Saved data entries
--

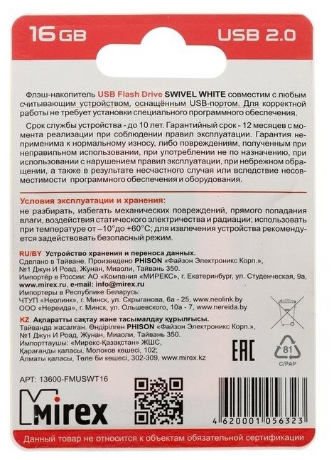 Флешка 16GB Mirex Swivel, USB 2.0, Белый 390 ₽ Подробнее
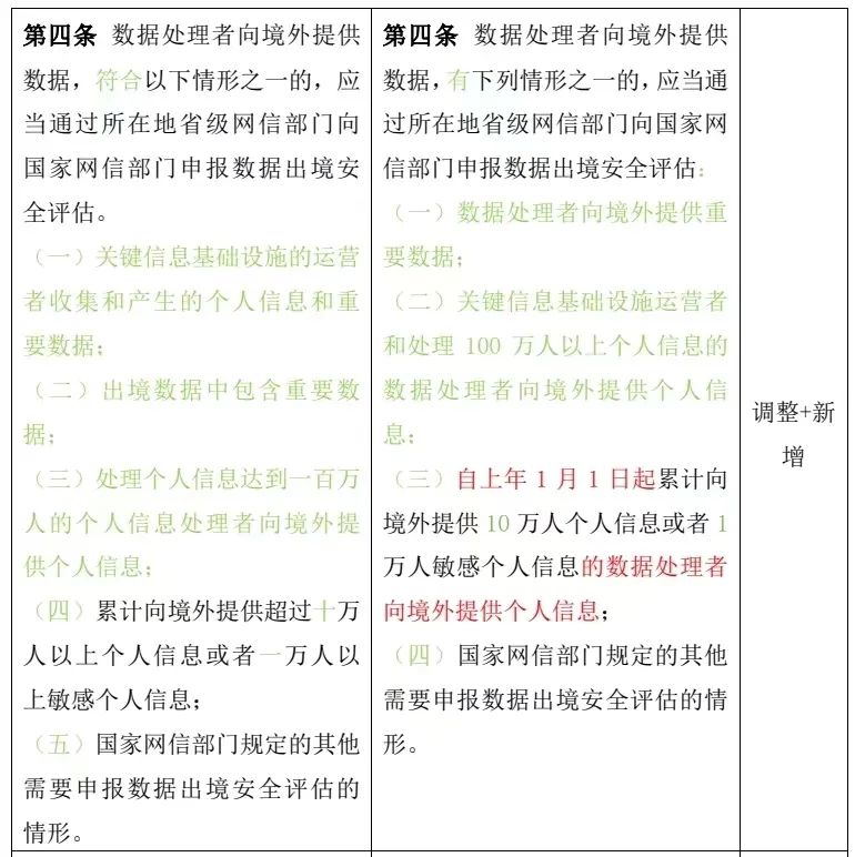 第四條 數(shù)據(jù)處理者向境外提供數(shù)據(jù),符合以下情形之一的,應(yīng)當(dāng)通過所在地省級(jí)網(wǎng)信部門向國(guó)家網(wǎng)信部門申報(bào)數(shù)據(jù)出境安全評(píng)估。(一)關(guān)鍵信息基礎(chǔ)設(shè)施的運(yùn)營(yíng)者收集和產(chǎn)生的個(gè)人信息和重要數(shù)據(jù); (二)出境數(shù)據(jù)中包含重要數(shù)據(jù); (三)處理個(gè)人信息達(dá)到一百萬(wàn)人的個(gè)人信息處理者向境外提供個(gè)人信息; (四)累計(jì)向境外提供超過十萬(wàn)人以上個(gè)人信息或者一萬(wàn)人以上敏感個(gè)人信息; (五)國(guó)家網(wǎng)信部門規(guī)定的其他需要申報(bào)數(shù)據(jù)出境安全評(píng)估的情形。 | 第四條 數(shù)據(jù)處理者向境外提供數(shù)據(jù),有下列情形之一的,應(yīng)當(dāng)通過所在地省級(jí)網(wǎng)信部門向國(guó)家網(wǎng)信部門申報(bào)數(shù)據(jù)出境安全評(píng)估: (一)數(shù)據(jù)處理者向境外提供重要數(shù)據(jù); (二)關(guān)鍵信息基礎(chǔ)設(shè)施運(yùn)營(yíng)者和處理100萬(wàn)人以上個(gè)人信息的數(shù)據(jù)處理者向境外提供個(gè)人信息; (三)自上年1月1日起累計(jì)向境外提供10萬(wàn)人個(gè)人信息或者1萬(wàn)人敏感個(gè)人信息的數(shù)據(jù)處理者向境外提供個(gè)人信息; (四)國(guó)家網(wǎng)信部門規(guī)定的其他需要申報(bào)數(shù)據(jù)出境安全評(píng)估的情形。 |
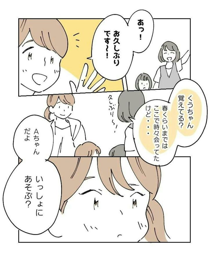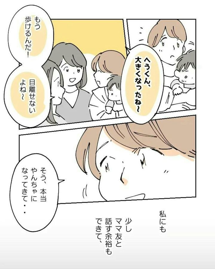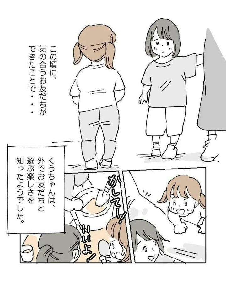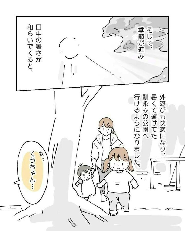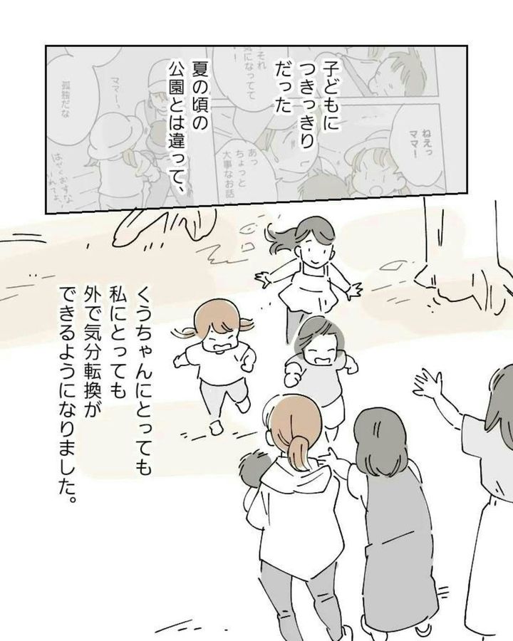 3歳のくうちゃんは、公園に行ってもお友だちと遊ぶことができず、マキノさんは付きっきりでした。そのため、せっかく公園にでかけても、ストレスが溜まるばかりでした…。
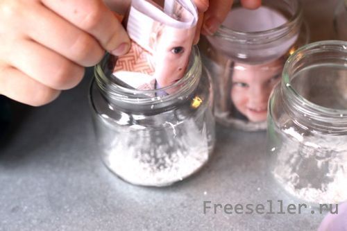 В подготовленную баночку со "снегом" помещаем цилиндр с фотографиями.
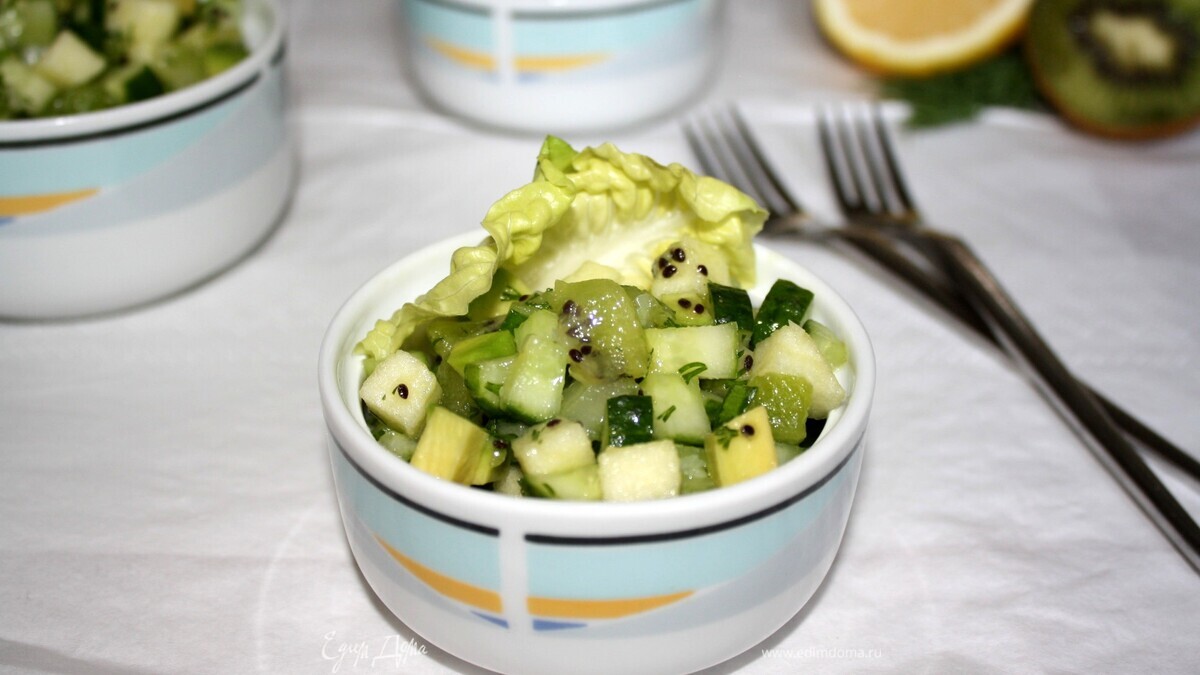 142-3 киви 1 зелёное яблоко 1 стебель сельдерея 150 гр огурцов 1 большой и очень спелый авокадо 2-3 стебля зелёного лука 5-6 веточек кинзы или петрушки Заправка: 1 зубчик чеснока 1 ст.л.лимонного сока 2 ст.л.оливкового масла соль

--

Assignment | In the copy, include every record exactly and no pictures at all.

Solution to the problem |
 Флешка 16GB Mirex Swivel, USB 2.0, Белый 390 ₽ Подробнее
 第四條 數(shù)據(jù)處理者向境外提供數(shù)據(jù),符合以下情形之一的,應(yīng)當(dāng)通過所在地省級(jí)網(wǎng)信部門向國(guó)家網(wǎng)信部門申報(bào)數(shù)據(jù)出境安全評(píng)估。(一)關(guān)鍵信息基礎(chǔ)設(shè)施的運(yùn)營(yíng)者收集和產(chǎn)生的個(gè)人信息和重要數(shù)據(jù); (二)出境數(shù)據(jù)中包含重要數(shù)據(jù); (三)處理個(gè)人信息達(dá)到一百萬(wàn)人的個(gè)人信息處理者向境外提供個(gè)人信息; (四)累計(jì)向境外提供超過十萬(wàn)人以上個(gè)人信息或者一萬(wàn)人以上敏感個(gè)人信息; (五)國(guó)家網(wǎng)信部門規(guī)定的其他需要申報(bào)數(shù)據(jù)出境安全評(píng)估的情形。 | 第四條 數(shù)據(jù)處理者向境外提供數(shù)據(jù),有下列情形之一的,應(yīng)當(dāng)通過所在地省級(jí)網(wǎng)信部門向國(guó)家網(wǎng)信部門申報(bào)數(shù)據(jù)出境安全評(píng)估: (一)數(shù)據(jù)處理者向境外提供重要數(shù)據(jù); (二)關(guān)鍵信息基礎(chǔ)設(shè)施運(yùn)營(yíng)者和處理100萬(wàn)人以上個(gè)人信息的數(shù)據(jù)處理者向境外提供個(gè)人信息; (三)自上年1月1日起累計(jì)向境外提供10萬(wàn)人個(gè)人信息或者1萬(wàn)人敏感個(gè)人信息的數(shù)據(jù)處理者向境外提供個(gè)人信息; (四)國(guó)家網(wǎng)信部門規(guī)定的其他需要申報(bào)數(shù)據(jù)出境安全評(píng)估的情形。 |
 3歳のくうちゃんは、公園に行ってもお友だちと遊ぶことができず、マキノさんは付きっきりでした。そのため、せっかく公園にでかけても、ストレスが溜まるばかりでした…。
 В подготовленную баночку со "снегом" помещаем цилиндр с фотографиями.
 142-3 киви 1 зелёное яблоко 1 стебель сельдерея 150 гр огурцов 1 большой и очень спелый авокадо 2-3 стебля зелёного лука 5-6 веточек кинзы или петрушки Заправка: 1 зубчик чеснока 1 ст.л.лимонного сока 2 ст.л.оливкового масла соль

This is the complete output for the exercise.